Fail[ed]over IPs experiment on kubernetes NGINX ingress(es)

For the DTOne data platform, we build Kubernetes clusters on Hetzner’s bare metal for many different workloads (the question: “Why bare metal and not cloud?” is a bit of out of scope here, but believe me there are reasons). We utilize kubernetes NGINX ingress to expose the workload to the wild via standard http(s) 80 and 443 tcp ports. Without any failover or virtual IPs, NGINX ingress ports are bound to the main host IP address. If the host goes down, clients will face timeouts and failed connections.

As we were used to using Hetzner’s failover IPs, the first idea was to let it be managed automatically by keepalived (one of the implementations of VRRP protocol) that is able to manage automatic migration of virtual IP address(es) among the hosts. Luckily, Cornelius Keller already did some work on this, and there’s a helm chart with a similar implementation of keepalived-vip for Kubernetes.

We spent two hours figuring out that it doesn’t work out-of-the box. In fact, it required some investigation to find out why the virtual_ipaddress {} stanza was empty. Short answer: there was a lot more to be done to make it work the Kubernetes way.

We also had a question: “Do we really need to have it implemented as a Kubernetes workload?”

No!

We have Puppet that can manage it automatically on the host itself. That’s how the keepalived.conf PoC with one failover IP for two machines came to life. Let’s call it a “crafted” version of what Cornelius Keller did, slightly modified to suit our needs.

Honestly, this kind of setup sucks, because you have to keep the communication encrypted in VRRP v1, use the default Hetzner machine network, and use only for IPv4. You can open it and go with the newest VRRPv3 that supports even IPv6 stack, but no one wants to keep VRRP open on a default Hetzner’s network. Just try to run the tcpdump in promiscuous mode on your default Hetzner IP.

vSwitch enters the game

In September 2018, Hetzner came up with an interesting piece of technology (I’m not saying that it’s something brand new in the world of hosting technologies) that hides your machines into separate L2 network (read: separate VLAN) called vSwitch.
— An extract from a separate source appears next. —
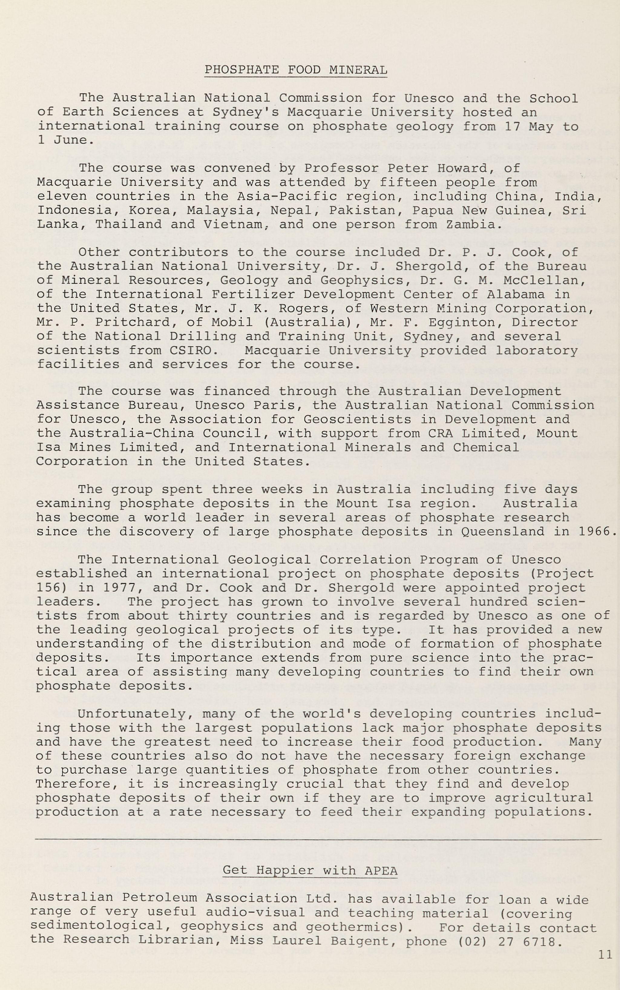 Other contributors to the course included Dr. P. J. Cook, of the Australian National University, Dr. J. Shergold, of the Bureau of Mineral Resources, Geology and Geophysics, Dr. G. M. McClellan, of the International Fertilizer Development Center of Alabama in the United States, Mr. J. K. Rogers, of Western Mining Corporation, Mr. P. Pritchard, of Mobil (Australia), Mr. F. Egginton, Director of the National Drilling and Training Unit, Sydne y , and several scientists from CSIRO. Macquarie University provided laboratory facilities and services for the course.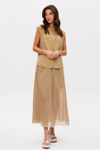 Жилет полуприлегающего силуэта, на подкладке. По переду рельефа карманы "листочки", застёжка на петли-пуговицы. По спинке вытачки.

Basically, your personal network within Hetzner’s network.

For those familiar with the vSwitch setup, it’s likely a game changer and you may have a clue as to how the story ends. I was not one of these people, but you’ll read about that later.
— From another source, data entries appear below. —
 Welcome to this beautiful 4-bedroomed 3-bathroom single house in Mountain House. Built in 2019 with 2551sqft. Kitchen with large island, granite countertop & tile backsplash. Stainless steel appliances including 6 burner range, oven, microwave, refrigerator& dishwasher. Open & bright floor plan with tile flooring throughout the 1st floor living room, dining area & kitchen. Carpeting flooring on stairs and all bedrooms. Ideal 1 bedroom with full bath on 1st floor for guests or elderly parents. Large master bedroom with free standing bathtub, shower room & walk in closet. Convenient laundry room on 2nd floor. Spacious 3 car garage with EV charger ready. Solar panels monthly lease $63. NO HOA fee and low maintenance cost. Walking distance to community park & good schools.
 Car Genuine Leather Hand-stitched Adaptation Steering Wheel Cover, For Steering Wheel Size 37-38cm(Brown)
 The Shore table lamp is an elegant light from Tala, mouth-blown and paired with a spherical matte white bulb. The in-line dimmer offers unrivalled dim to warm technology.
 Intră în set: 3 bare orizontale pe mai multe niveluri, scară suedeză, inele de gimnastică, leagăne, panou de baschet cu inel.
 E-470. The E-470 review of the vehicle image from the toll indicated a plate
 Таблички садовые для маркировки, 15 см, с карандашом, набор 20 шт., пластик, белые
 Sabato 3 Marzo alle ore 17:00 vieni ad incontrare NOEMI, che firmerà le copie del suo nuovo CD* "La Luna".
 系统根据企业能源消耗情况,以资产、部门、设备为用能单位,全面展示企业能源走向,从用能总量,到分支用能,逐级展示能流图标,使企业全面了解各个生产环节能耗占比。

I took the vSwitch, put the Kube Ingress machines into the vSwitch network, and reconfigured keepalived.conf to utilize the vSwitch network for VRRP communication. The failover IPs part remained the same, except for one additional failover IP address.

Later on you’ll see it’s still highly suboptimal to let keepalived manage the IP address assignments even for failover IPs - a better approach is to bind IPs manually in /etc/network/interfaces and let keepalived manage some random local IP address (e.g. 192.168.100.4). Then, you can even manually manage the failover via Hetzner’s API.

Downsides of the Hetzner failover IPs

Hetzner failover IPs did their job in the past, and I can say that they saved many stressful moments. But, it’s not perfect (nothing is).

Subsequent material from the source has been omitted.